SecurityBrief Australia - Technology news for CISOs & cybersecurity decision-makers
Story image
Okta Identity Cloud adds Security Centre to enterprise plan
Fri, 26th May 2023

The independent identity provider, Okta, has announced Security Centre, a new feature that helps enterprise customers optimise their identity security posture. Security Centre leverages Okta Customer Identity Cloud insights to provide a single view of authentication events, potential security incidents, and threat response efficacy. It includes real-time data on companies' current state of attack protection, out-of-the-box threat monitoring on major identity attack vectors, and application-level visibility into authentication traffic.

Determining whether an organisation's identity security posture is too restrictive or too lax is not trivial. Customers need to parse through logs of third-party tools or build their own, which requires expert-level experience to identify attacks and respond to them effectively. Security Centre provides an improved way to visualise this data type directly from the Okta Customer Identity Cloud.

"By leveraging our expertise in identity security, we have created a solution that eliminates the learning curve and equips security teams with actionable insights. In a landscape where attacks on identity flows are becoming increasingly sophisticated, Security Centre revolutionises the way security professionals can combat identity threats. With the power of Okta Customer Identity Cloud security insights, CISOs, security operations professionals, and Identity teams can now swiftly detect and respond to potential incidents. Security Centre provides a streamlined view of the authentication event, threat response efficacy, and potential incidents, empowering organisations to optimise their security posture without impacting the bottom line,” says Phil Goldie, vice president and managing director of Okta ANZ. 

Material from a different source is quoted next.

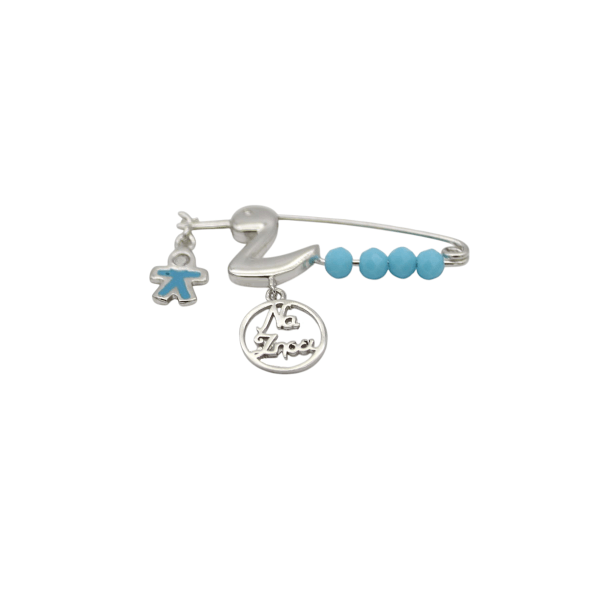 Ασημένια παραμάνα για νεογέννητο, πελαργός με κρεμαστό “Να Ζήσει” και αγοράκι.

Security Centre leverages Okta Customer Identity Cloud security insights and provides a faster way to detect and respond to identity threats.

"Accurate detection alone doesn't ensure threat response is appropriate to the level of risk, given other business objectives like customer acquisition, retention, and growth," says Jameeka Aaron, Chief Information Security Officer, Customer Identity at Okta. "As attacks against identity flows get more sophisticated and evolve to bypass detection, security teams often have to go through a learning curve on their own production environments, which can mean delayed detection of attacks and consequent business losses. Security Centre leverages our focused expertise in identity security and packages it in a way that security operations professionals can understand and take action."

Account takeover attacks targeting everything from sensitive healthcare data to loyalty points are among the most common and costly cyber threats. Verizon's 2022 Data Breach Investigations Report (DBIR) found that 80% of corporate breaches involve compromised identity solutions. 

“Security Centre takes the work out of building your own tooling to identify and be able to respond to identity threats in a timely manner. Customers can understand their identity security landscape with a summary visualisation of major attack types, authentication events, and threat monitoring,” says Aaron. 

“Security Centre also allows companies to measure user experience impacts of attack protection features. Consumer-facing apps must balance security with user experience by minimising friction while maintaining appropriate protection against identity attacks. Security Centre shows app owners in near-real time UX effects of defence tactics, allowing them to adjust security and friction as relevant to their situation. Companies can fine-tune their attack protection strategy by seeing in near real-time how defence tactics like MFA, rate limiting, and CAPTCHA affect their applications. Security Centre is available for all Enterprise customers.”

Okta's customers in ANZ include Coles, ANZ Internet Banking Australia, REA Group, Flinders University, AIA, Oxfam, News Corp, and Xero.